Après sa brillante réélection, Denis Sassou Nguesso
crée une milice gouvernementale…
Le 25 mars dernier, au journal de 20 heures, Télé Congo, la télévision nationale, officialisait la création d’une milice gouvernementale. Quel besoin pour le Président congolais de créer un tel groupe paramilitaire ? Pourquoi craint-il des troubles dans le pays puisqu’il a été réélu au premier tour avec plus de 60% des suffrages, selon la Commission Nationale électorale « indépendante » ? Douterait- de sa victoire ?
La télévision congolaise est un monument, hormis peut-être la Corée du Nord, peu de pays dans le monde peuvent se targuer d’avoir un tel organe de propagande. Le journal de 20 heures est un cas d’école pour les apprentis dictateurs : après s’être félicité de l’élection du candidat-Président et salué une Nouvelle République ; après avoir encensé le programme de Denis Sassou Nguesso, la télévision nationale est passée aux choses sérieuses.
L’ex Cobra, nouveau chef de milice
Le reportage montre un commando paramilitaire filmé dans un coin de forêt avec des hommes aux mines patibulaires tout de noir vêtus. Leur chef s’exprime sur un ton martial et déclare qu’ils défendront le pays, le peuple et la Nouvelle République contre tous les éléments séditieux qui souhaitent le désordre au Congo. La menace clairement exprimée s’adresse à tous les candidats de l’opposition et à leur coordonateur Charles Zacharie Bowao. Ce groupe se déclare comme les Nouveaux Patriotes. En réalité, il n’y a rien de vraiment nouveau puisque l’homme qui s’exprime, Hidevert Mouani est un ancien chef des Cobras, milice pro-Denis Sassou Nguesso lors de la guerre de 1997 qui combattait les Ninjas du Président Pascal Lissouba. Après la guerre, Hidevert Mouani est devenu un honorable député de la nation, mais en coulisse, il est toujours resté un homme de main du Président congolais. Après ce reportage menaçant, suit une déclaration, qui se veut tout aussi martiale, d’un certain Tanguy, ancien Ninja repenti et reconverti dans la défense de la Nouvelle République de Denis Sassou Nguesso.
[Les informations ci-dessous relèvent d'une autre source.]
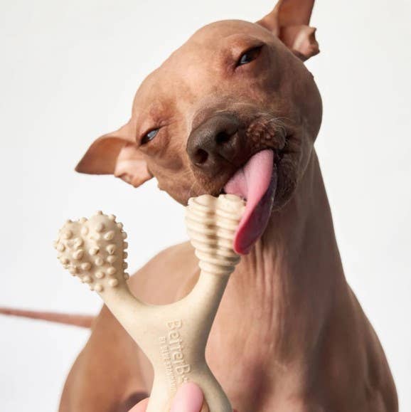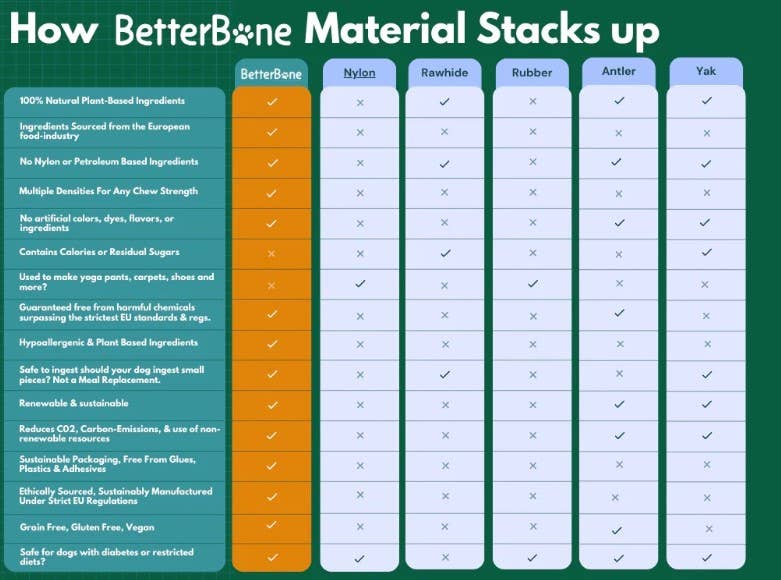 BetterBone Soft Density is perfect for light chewers, teething puppies, and elder dogs, who have a softer chew strength. Made from two natural ingredients, our bones are healthier, safer, and delicious. The best part is, that there is NO NYLON in any BetterBone. This is our small size which is recommended for smaller breeds (15-45lbs). The Classic flavor is hypoallergenic and really great for dogs with sensitive stomachs and has no added flavors. Flaking is to be expected, BetterBone's are splinter resistant. Our material flakes to better protect teeth and could be a little messy but this is to protect teeth! Pair this with our natural, non-toxic, hypoallergenic, and splinter-resistant composition, BetterBone SOFT is the perfect chew toy for your teething puppy, or older dog and light to moderate chewers—the perfect replacement for nylon or rawhide. SOFT will not last as long as nylon but will be safer on teeth. Not a meal replacement.

Une stratégie de la tension et de l’irresponsabilité
Bien évidemment, ces annonces volontairement dramatiques sont destinées à effrayer les Congolais. Elles rappellent les sinistres souvenirs de la guerre de 1997, qui avait fait 400 000 morts, afin de dissuader les Congolais de soutenir l’opposition et de manifester pour faire respecter les résultats des urnes. Elles créent une psychose dans le pays et obéissent à une stratégie de la tension. Mais cette déclaration officielle de la recomposition d’une milice n’est pas seulement un exercice de pure communication. Denis Sassou Nguesso dispose d’une force publique officielle en nombre, armée, police et gendarmerie sont en outre bien organisées. A priori le Président n’a donc pas besoin de ce genre de supplétifs. Pour l’instant, il procède chaque jour à des arrestations arbitraires, à des pillages de QG de campagne des candidats, à des menaces et des intimidations qui ne sont pas ou que très mollement dénoncés par la communauté internationale. Il espère qu’il pourra garder le pouvoir à la manière de Pierre Nkurunziza, Président du Burundi qui reste au pouvoir malgré toutes les exactions qu’il commet dans son pays. Mais il anticipe aussi les troubles et une réaction plus forte de la diplomatie internationale. Dans ce cas, cette milice sera chargée du sale boulot et exonérera Denis Sassou Nguesso de ses responsabilités légales. Ainsi, il pourra dire : « ni responsable, ni coupable. » Cependant, il a commis l’erreur d’officialiser la milice d’Hidevert Mouani au journal de 20 heures, personne n’ignore désormais que ce groupe paramilitaire est aux ordres du pouvoir.